The development and progression of cancer are attributed to the non-physiological proliferation of immature tumor vessels in response to tumor hypoxia, which is called tumor angiogenesis [1, 2]. Doppler ultrasound (US) can roughly demonstrate these histologic changes, which present as increased vascularity and irregular or penetrating vessels within the breast cancer. However, the practical role of Doppler US is debatable when distinguishing small or hypovascular cancers from hypervascular benign tumors because of its low sensitivity for detecting microvessels (< 0.1 mm in diameter) within cancer [3].

Microvascular US imaging refers to an advanced Doppler technique that provides improved sensitivity to low-flow vessel signals. Microvascular US imaging can be divided into two types depending on whether or not contrast agents are used. Microvascular US imaging without contrast agents applies an intelligent wall filtering system to preserve low-flow vessel signals and allows the visualization of more microvessels with high resolution [4, 5, 6]. Contrast-enhanced US (CEUS) with second-generation contrast agents detects amplified and continuous vessel signals and facilitates real-time scanning of tumor perfusion [4, 7]. Recent investigations have reported the clinical utility of microvascular US imaging in differentiating benign from malignant breast tumors [8, 9, 10, 11, 12, 13, 14, 15, 16, 17, 18, 19, 20, 21, 22, 23] and correlated the microvascular US features of breast cancer with corresponding histopathologic vascular changes [12, 24, 25, 26].

Therefore, the purpose of this review article is to introduce various microvascular US techniques, explain their clinical applications in breast cancer diagnosis and radiologic-histopathologic correlation, and provide a summary of a recent radiogenomic study using microvascular US.
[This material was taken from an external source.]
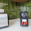 Adiacente alla zona living troverete la cucina, essa dispone di tutto il necessario, frigorifero, fornelli, forno, lavastoviglie, bollitore, tostapane, macchina del caffè Nespresso con relative cialde ed un set completo di pentole e posateria, comprende anche un tavolo con sedie per tutti gli ospiti ideale per consumare colazioni pranzi o cene gustando le tipicità locali, in aggiunta dispone anche di un balcone esterno.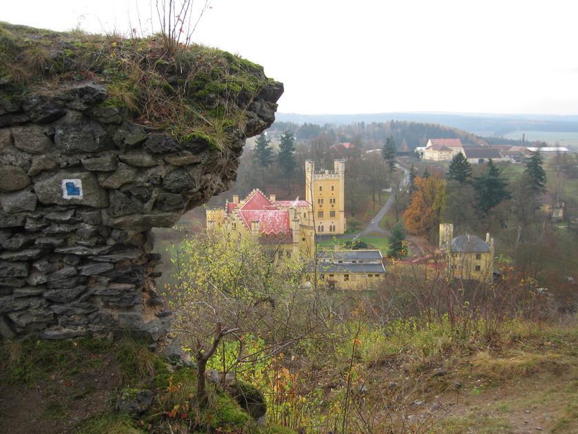 Sobotní ráno nevypadalo nijak lezecky lákavě, v noci poprchávalo, vyrazili jsme tedy na malý výlet. Přes Nečtiny jsme se vydali na zříceninu hradu Preitenstein, asi 2 kilometry dále. V jeho podhradí leží také zámek Netčtiny, z novější doby, kdy hrad byl již nepotřebný a tudíž opuštěn. Samozřejmě, když jsme tam došli, vylezlo sluníčko a opět se příjemne oteplilo. Tedy honem zpět a do stěn! Nebylo by to ale podzimní počasí, aby zrovna když jsme se pod stěnu dostali, nezačalo opět poprchat. Slunce ale svítilo nadále, vykouzlilo tedy jen hezkou duhu a za chvíli bylo opět sucho. Pokračovali jsme v oblasti Stěny, tentokráte jsme lezli Zelenou spáru 5+, Skaláckou 6- a nakonec v oblasti Myší díry Kouzelnou 6+. Tu jsem ovšem opět nedal, tedy ten jeden klíčový krok u druhého kruhu. Gobo prohlásil, že mu asi ztloustly prsty, protože je nemohl dostat do spáry, já měl podobný problém. Zato Renča si libovala, jaká je ta spára akorát a jak hezky bere. Nebrala asi ale dlouho, o jejích výkřicích o metr výše se tu nebudu rozepisovat, ale dole v údolí si asi museli říkat, že si to tam na kopci někdo pěkně užívá.:o)

Microvascular US Imaging without Contrast Agents

US Techniques

Recently developed microvascular US imaging techniques apply smart wall filtering systems to improve their sensitivity for detecting low-flow vessels without the injection of contrast agents. Superb microvascular imaging (SMI, Canon Medical Systems) is one of the earliest developed and best-known microvascular US imaging modalities. During the Doppler US examination, low-frequency clutter signals, which are derived from patients' motion, pulsation, and respiration, overlap with low-velocity flow signals [5]. Conventional Doppler techniques apply a single-dimension wall filter to remove clutter artifacts, and overlapping low-velocity flow signals are removed together. However, SMI uses a multi-dimensional wall filter to separate low-velocity flow signals from overlapping clutter artifacts; this allows the visualization of more low-flow vessels that are not visualized within breast lesions on conventional Doppler US (Fig. 1) [4, 5, 6]. Other high-end US equipment also provide various microvascular imaging techniques, such as AngioPLUS (SuperSonic Imagine), MicroFlow imaging (Philips Healthcare), and MV-Flow (Samsung Medison), by applying custom smart wall filtering systems and high-frequency sampling techniques [5, 27, 28].

Fig. 1
Color Doppler US, power Doppler US, and SMI findings of breast cancer.
A. A B-mode US image shows an irregular indistinct hypoechoic mass in the breast that is a surgically-proven invasive ductal carcinoma. Color Doppler US (B) and power Doppler US (C) images show a penetrating vessel in the mass. D. A SMI image shows a penetrating vessel with more branching and irregular vessels (arrows) in the mass. SMI = superb microvascular imaging, US = ultrasound

Several researchers have reported the superiority of SMI for evaluating breast tumor vascularity when compared with performance of conventional Doppler techniques [8, 9, 10, 11, 29]. Park et al. [8] compared the characterizations of lesion vascularity of 191 breast masses by SMI, color Doppler, and power Doppler imaging and reported that SMI detected twice as many tumor vessels as color or power Doppler imaging and identified more detailed vessel morphology and distribution. Ma et al. [9] compared SMI with color Doppler imaging by grading the vascularity of 123 breast lesions on a scale of 0 to 3, and SMI had higher grades for detecting tumor vessels than color Doppler imaging. Zhan et al. [10] evaluated 82 breast lesions that were assessed as category 3 or 4 and avascular on color Doppler imaging and reported that SMI detected higher numbers of penetrating vessels in breast lesions. These results imply that SMI is more sensitive for detecting tumor vessels than conventional color or power Doppler imaging, and it provides more detailed information on microvessels in breast lesions.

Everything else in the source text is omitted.